そして見つけたのは西の森人亭という名前の宿屋で、主人はふくよかで目が真ん丸とした女性だった。
他にも宿屋はたくさんあったが、二人と一匹はこの女性にどことなく親近感を覚え、話しかけやすいと思って、ここを選んだのだ。
実際、彼女は町のことを聞いても、嫌な顔一つせずに色々と教えてくれる。
森に入るのなら、丈夫な靴をいくつか準備した方がいいとか、虫除けもたくさん持っていった方がいいとか、あそこの店は品物はいいが店主の親父が愛想が悪いとか、聞いてもいないこともたくさん教えてくれた。
お陰で、森に入るために買い揃えたものは随分と多くなり、これも森に入るために買った大きなリュックサックがぱんぱんに膨れてしまうことになった。
セダもリュックサックを買い、いつもよりも多くの荷物を持つのだが、いくらセダが元気が良いと言っても、ジェサーレと比べればかなり力がない。だから、重たい荷物をセダに背負わせたら可哀想だと、ジェサーレが大きなリュックサックを背負うことになったのだ。
「よいしょっと」
出発の朝、大きな大きなリュックサックを特にふらつくこともなく背負ったジェサーレだが、その様子を見たセダは、やはりどこか心配そうである。
「やっぱり持つわ。
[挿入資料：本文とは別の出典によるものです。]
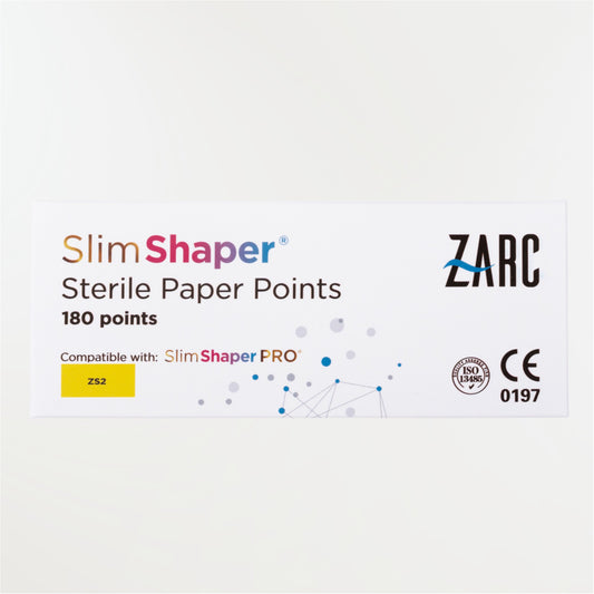Cônes de papier SlimShaper, ultra-absorbants pour un séchage efficace des canaux. Leur forme est calibrée pour s’adapter parfaitement au système SlimShaper et SlimShaper PRO.Boîte de 180 pointes, en blisters individuels de 6.
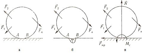 - чистое качение – точка A (рисунок а,б ) не скользит по неподвижной плоскости;
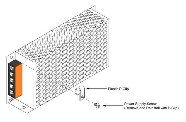 2. Instale un P-Clip de plástico con el tornillo que retiró orientado como se indica en el diagrama de arriba.
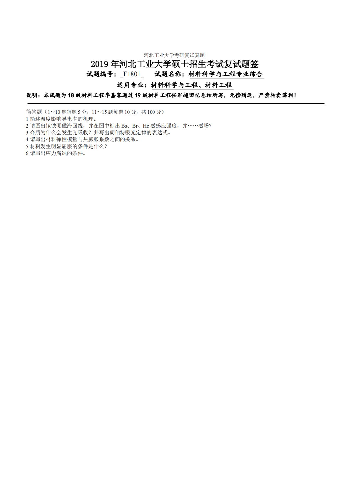 河北工业大学考研复试真题2019年河北工业大学硕士招生考试复试题签试题编号:_F1801_试题名称:材料科学与工程专业综合适用专业:材料科学与工程、材料工程说明:本试题为18级材料工程毕嘉容通过19级材料工程任军超回忆总结所写,无偿赠送,严禁转卖谋利!简答题(1~10题每题5分,11~15题每题10分,共100分)1.简述温度影响导电率的机理。2.请画出钕铁硼磁滞回线,并在图中标出Bs、Br、Hc磁感应强度,并……磁场?3.介质为什么会发生光吸收?并写出朗伯特吸光定律的表达式。4.请写出材料弹性模量与热膨胀系数之间的关系。5.材料发生明显屈服的条件是什么?6.请写出应力腐蚀的条件。河北工业大学...
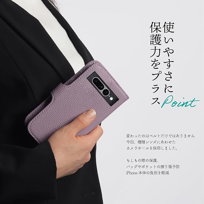 磁石を使わずに開閉がスムーズで、使い心地が良い留めベルトと、動画視聴や通話が快適に楽しめるストレスフリーな操作が便利なスタンド機能を備えたアイテムです。
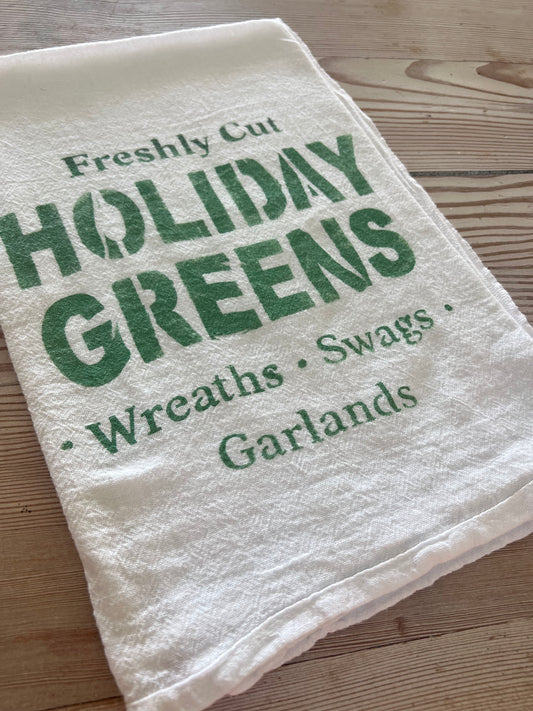 Holiday Greens Hand Stenciled Flour Sack towel
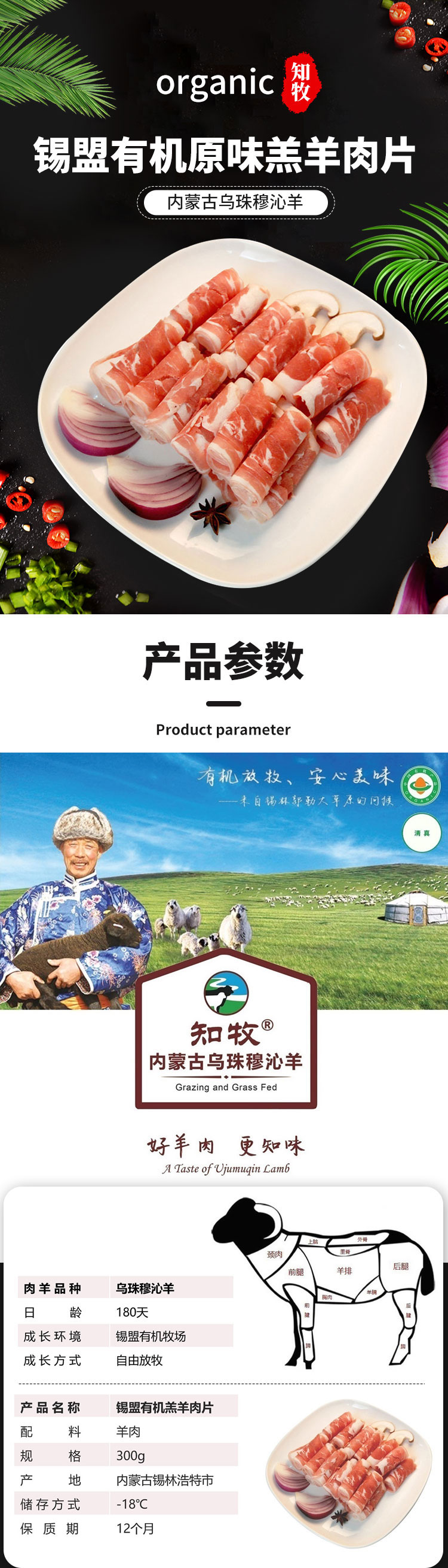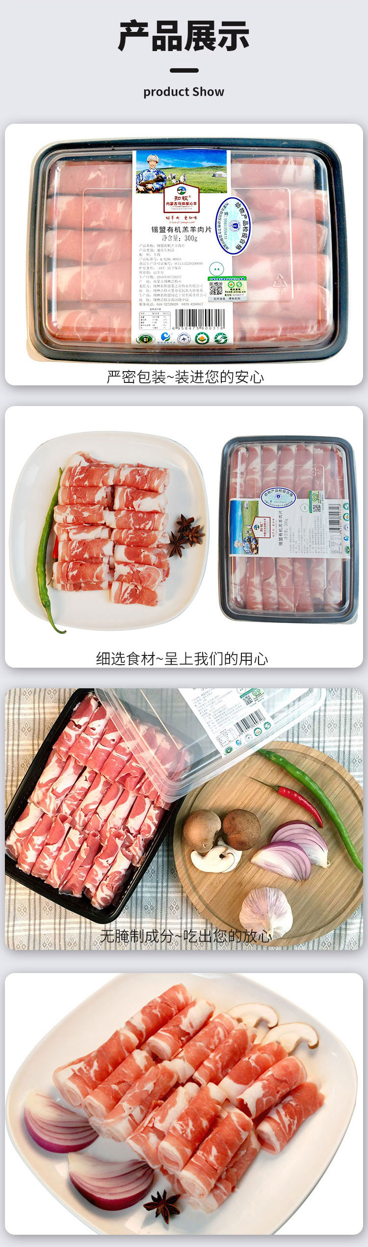 只发北京 彩虹雨 有机羊肉片300g 来自内蒙古大草原

私のリュックサックに少し渡してちょうだい」
「大丈夫。これくらい平気だよ、セダ」
「でも……」
西の森人亭の女主人は何か言うわけでもなく、朝の掃除をしながら、その様子を見てニコニコしている。
「じゃ、じゃあ、荷物が軽くなるおまじないをかけてあげる。じっとしててね」
「本当!? そんなことも出来るんだ、凄いね!」
目を輝かせてじっと見つめるジェサーレに対し、セダはどこか気まずそうに魔法辞典をめくり始め、やがて終わりの方のページを見ながらうんうんと二回、頷いた。
そして、ジェサーレの後ろに回り込んでリュックサックに手をかざし、唱える。
「小さき者よ、彼の者に助力を。フテラ・ネライゾン」
「わ! 本当だ、少し軽くなった! ありがとう!」
「ど、どういたしまして」
「ところでセダ!」
ジェサーレが後ろのセダに話しかけようと勢いよく振り向いたせいで、危うく重たいリュックがセダの体に直撃するところだった。
いつもなら「危ないじゃない!」とカンカンに怒りそうなものだが、荷物をたくさん持ってもらっているためか、怒らず、普通に返事をする。
「そんな大きな声を出さなくても聞こえてるわよ。それで、どうしたの?」
「言い忘れてたことがあったんだけど、昨日、このリュックサックを買ったときにお店のおじさんが言ってたんだ。木霊の森に住んでいるイェシリアダン族には、入っちゃいけない場所があるんだって」
「そう。……それはあからさまに何かありそうな雰囲気ね。イェシリアダン族の人に聞けば教えてくれるかも」
「僕もそう思うんだ。だから最初はイェシリアダン族の集落を探そう」
「そうね。そうと決まったら、早く出発しましょう。乗合馬車がないから、暗くなる前に集落に辿り着かないと」
「うん!」
「わふん!」
オルマヌアーズの東門を出た二人と一匹は、そのまま森の中を突き抜けているような、比較的幅の広い道を歩いた。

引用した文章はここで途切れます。